A afirmação de Jesus, ontem (XXVII Domingo Comum do Ano C), de que nos chamemos de servos inúteis quando só fizermos o que devíamos ter feito (na verdade não é Ele que nos declara sermos servos inúteis, mas que o seremos se só cumprirmos deveres de uma lei que exclui os pobres) não se refere com certeza ao samaritano citado hoje, mas ao sacerdote e ao levita.
Como outrora a Jesus, também hoje aos cristãos e, concretamente, aos católicos a sociedade está a “experimentar-nos” constantemente, para constatarem se o que fazemos é coerente com o que dizemos. Hoje, pede-se aos teólogos que saibam ler a realidade de uma forma ampla, capazes de aprender a responder aos desafios graves que nos são colocados.

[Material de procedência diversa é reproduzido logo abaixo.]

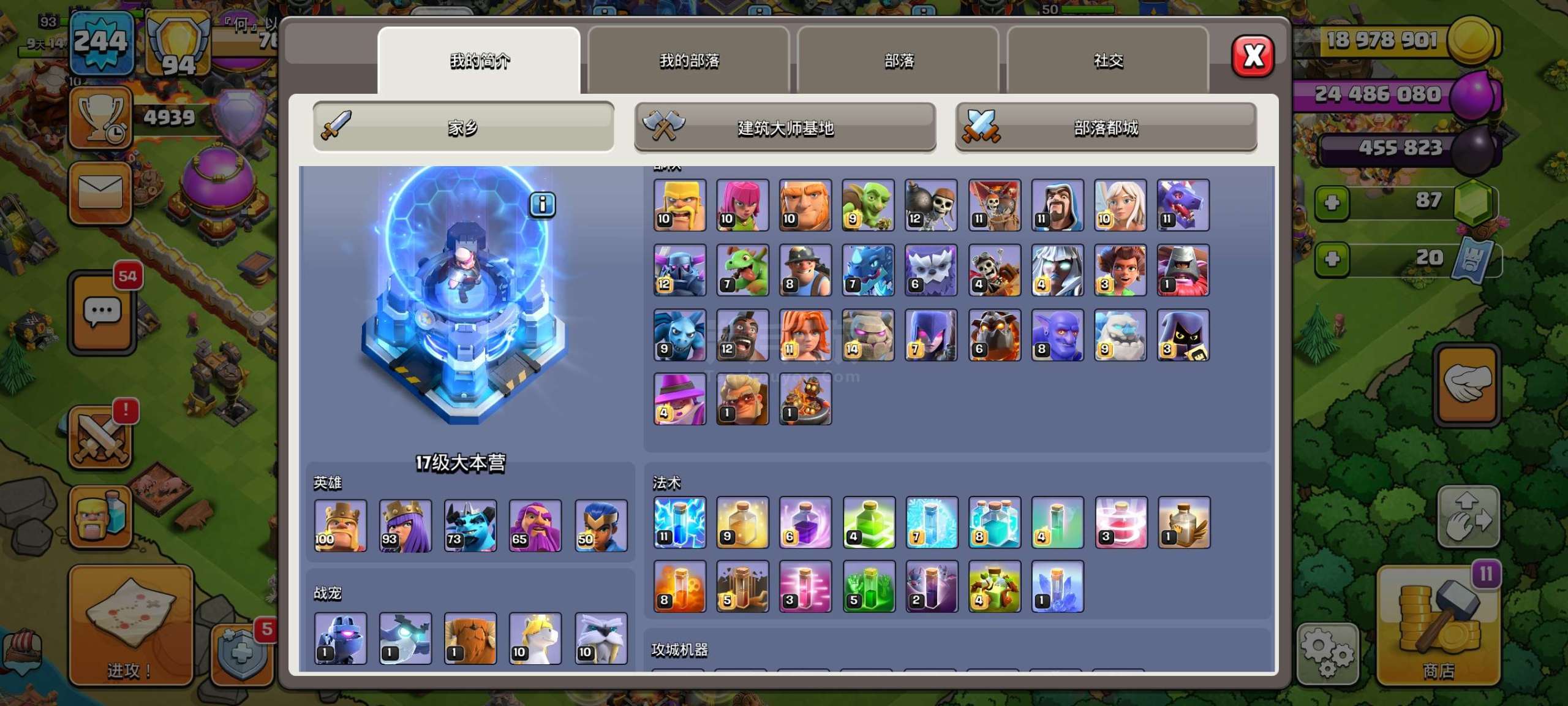 部落冲突【安卓QQ】17本后期,看图,不要了上班了

Paulo inspira-nos a concluir que a inércia pode-nos levar a mudar o Evangelho de Cristo, não o que se sabe de cor, mas o que se deve praticar com ações concretas e não genéricas intenções. O anúncio de que o Apóstolo fala é “grávido” de vida. Damos conta de que o que somos chamados a anunciar é de Cristo, quando mexe com a vida e não meramente com as ideias.
Não admira que, à maneira da admiração que Jesus nutriu pelos samaritanos ao ponto de os usar como modelo de compaixão e ação nesta parábola, também o Papa nutra tamanha admiração por tantos não católicos que o ajudam a ver a realidade de uma maneira pacífica e sadia, retribuindo-lhe com a mesma admiração. Nem todo o abandono das assembleias litúrgicas significam um abandono da prática da fé e nem toda a prática da fé exterior significa totalmente uma prática da ética cristã. Como se costuma dizer: no meio é que está a virtude. Eu diria: é no caminho aberto por Jesus e feito com os os irmãos e irmãs que habitam na terra que está o mais alto valor cristão, uma vez que é este meio que nos levará à plenitude prometida.